娇鸾令全文阅读 第12分节

第一百一十一章:疑心生暗鬼

    第111章疑心生暗鬼

    齐娘跟在魏鸾的身边儿,眼下已经是艳阳高照的模样,清晨的水雾终于彻底的散去,人身上此时才开始有了懒洋洋的暖意。

    魏鸾从凉亭走出来不多远,齐娘就扶住了她,等魏鸢走远了,她低头回望魏鸾神色,略想了想:“姑娘在生气?”

    生气吗?

    魏鸾低头想了会儿,到底恩了一嗓子。

    “是大姑娘说了什么话?”齐娘一颗心又悬了悬,须知道,先前大姑娘就寒过姑娘的心,今儿一早上的,巴巴的去护着她,她别拐过头来说了姑娘什么才好

    却不想魏鸾也没看她,径直就摇了摇头:“不是姐姐说了什么,而是我在生周佩的气”她说着又哎呀了一声,好似有些烦躁,可更多的是焦躁,“也不全是周佩”

    那齐娘就大概其的明白了。

    她扶着魏鸾,心下长叹,却不想再叫叹息声无端增加魏鸾的烦扰:“姑娘是觉得,好好的一个家,叫这些奴才弄得乌烟瘴气,偏偏今日大姑娘的做法柳四儿倒还好些,周佩嘛月例银子罚两个月,她从前贪走不知多少呢,又怎么在乎这两个月的例银,虽然看似是罚了,实则无关痛痒的。”

    “是啊。”魏鸾幽幽叹息,“这也只是一个周佩而已。这府里,还不知多少见不得人的脏东西。姐姐再手腕硬,其实也不可能一个个把她们都发落了。我知道姐姐说的有道理,恩威并施,方的长久,母亲昔年治家,大抵也是如此。齐娘,你进府的时候,我娘也是这样做的吗?”

    齐娘一愣:“姑娘又想大夫人了吗?”

    魏鸾苦笑:“那我是亲娘,一面都没见过,我无时无刻不在想她,尤其是上房院对我诸多刁难的时候,也就是身边还有你,有当珠和尤珠,不然我心里苦闷,只会更惦记我娘了。”

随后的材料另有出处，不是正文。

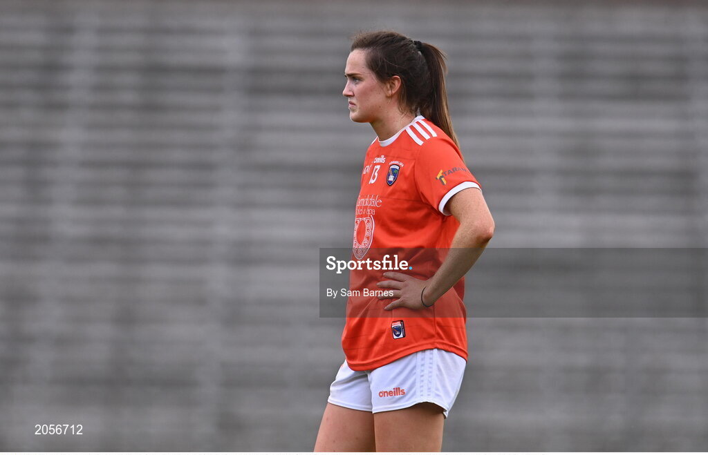1 August 2021; Aimee Mackin of Armagh dejected after her side's defeat in the TG4 Ladies Football All-Ireland Championship Quarter-Final match between Armagh and Meath at St Tiernach's Park in Clones, Monaghan. Photo by Sam Barnes/Sportsfile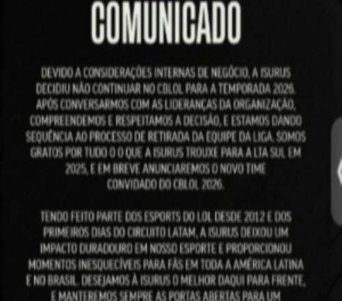 巴西赛区官宣:拉美队伍ISG离开CBLOL将寻找新赛区加入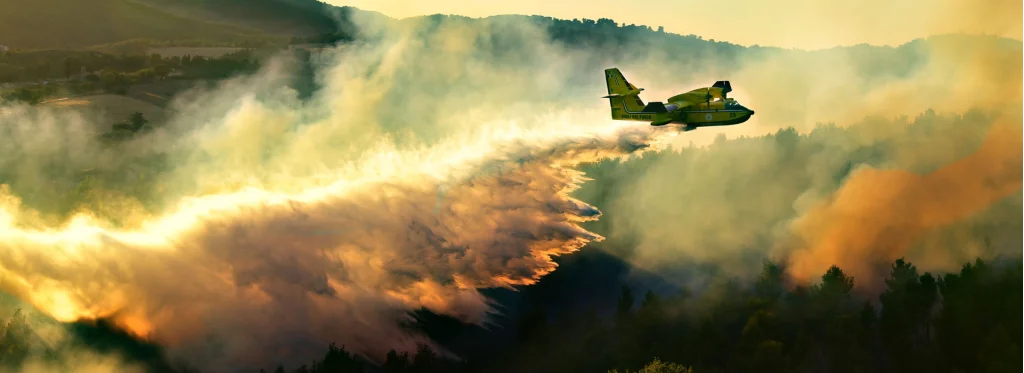 Ένα αεροσκάφος απελευθερώνει επιβραδυντικό πυρκαγιάς πάνω από μια πυρκαγιά, με καπνό και φλόγες να ανεβαίνουν από κάτω.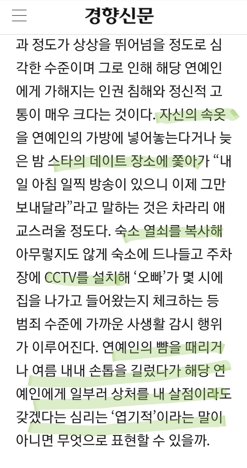 사생분들은 부디 연예인 스토킹에서 벗어나서 성실한 삶을 살길 바랍니다
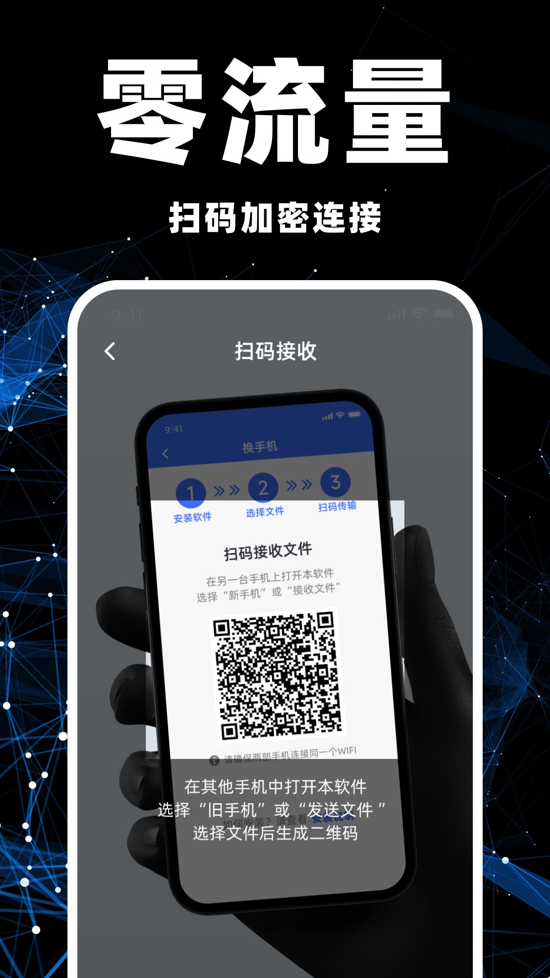 【扫码连接,零流量】不消耗手机流量,无需数据线连接,面对面扫码即传,稳定不掉线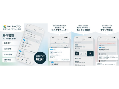 今回リリースしたアプリにより、「AMI PHOTO」の登録フォトグラファーは、撮影リクエストの新着オファーや注文管理、確認作業や通知機能(リマインダー)、メッセージ機能などの業務をアプリから一元管理できるようになりました。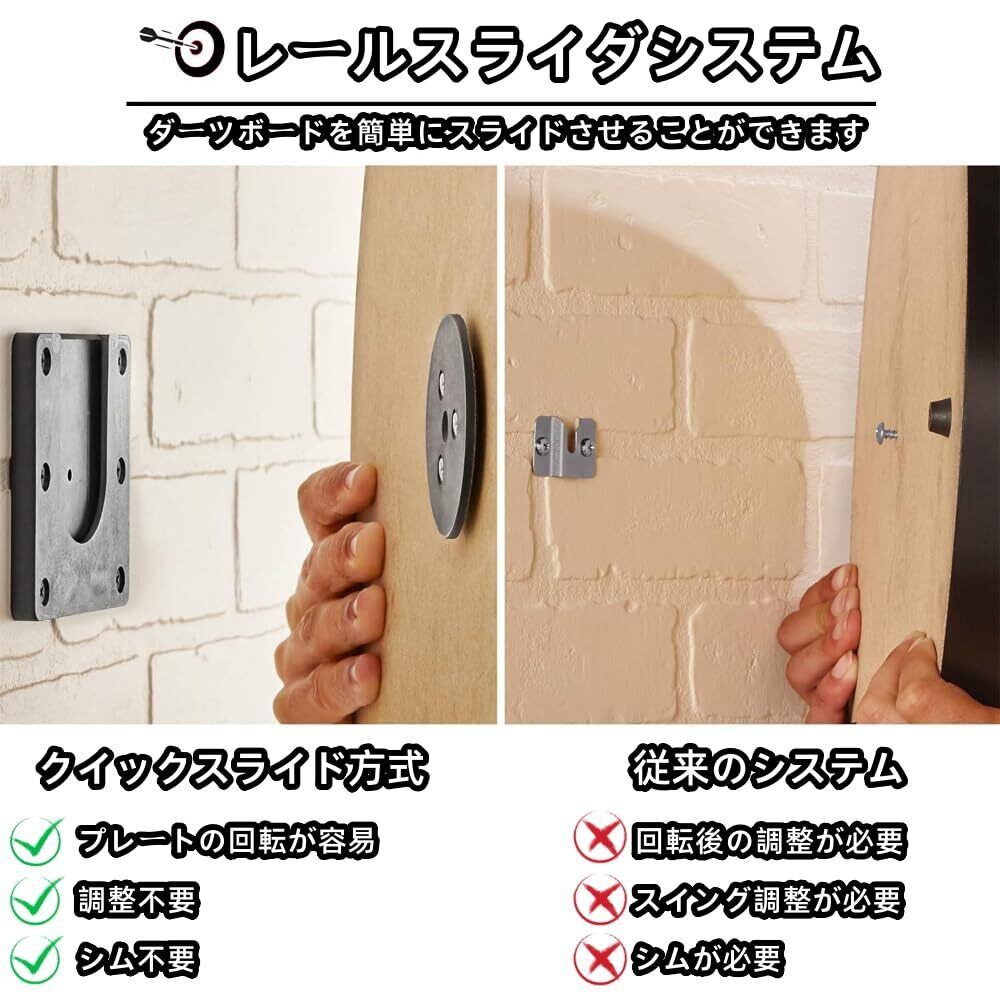 【簡単取り付け】このダーツボード取り付けブラケットは取り付けが簡単で、壁にダーツブラケットを固定し、スライダーをダーツボードに固定するだけで完璧にフィットします。取り付け、取り外し、およびダーツボードの回転が簡単です。

    齐娘抬了一只手,到底没有落在她头顶:“大夫人是个和软的性子,我进府的时候也不算早,只是在姑娘落生前两个月,才住到府上来,那时候老爷为着大夫人有身子又即将临盆,已经不叫大夫人管事儿了的。后来我听别的奴才们说,其实是从大夫人怀上姑娘,老爷就开始叫夫人持中馈。”

    这却是从没有听齐娘说起过的。

    魏鸾当下便眉头一拧:“娘也不是头一胎,怎么至于说才有了身孕,就不叫娘管事了?如今上房院虽然是平妻,可再怎么样,也越不过生有嫡长子的娘吧?”

    “这或许就是老爷爱重的缘故了。”齐娘说这话,却显然不是真心,毕竟她眼神中是空洞的。

    魏鸾是没有抬头看她,若是瞧了,便一眼能看到她眼底的不屑。

    这是人家常说的口不对心啊

    齐娘那里缓了缓情绪,又与她说起来:“大夫人怀姑娘那会儿年纪也不小,老爷格外看重,又怕大夫人出一丁点的差错。那会子一家人还在京城,魏家虽然是皇商,但在京中,老爷还算是内敛的,不过为了大夫人这一胎,也算是闹出些动静,当年请了很多名医在魏家小住的,只是可惜了,大夫人还是没能看着姑娘长大。”

    魏鸾忽而鼻头一酸,可很快发现了不对。

    爹当年是请了名医在魏家小住的吗?

    如果按照齐娘的说法,她是在娘临盆前两个月进的府,而那时那些大夫就已经住在魏家了,也就是说,娘的身子至少经由名医悉心调理过两个多月,甚至是更久。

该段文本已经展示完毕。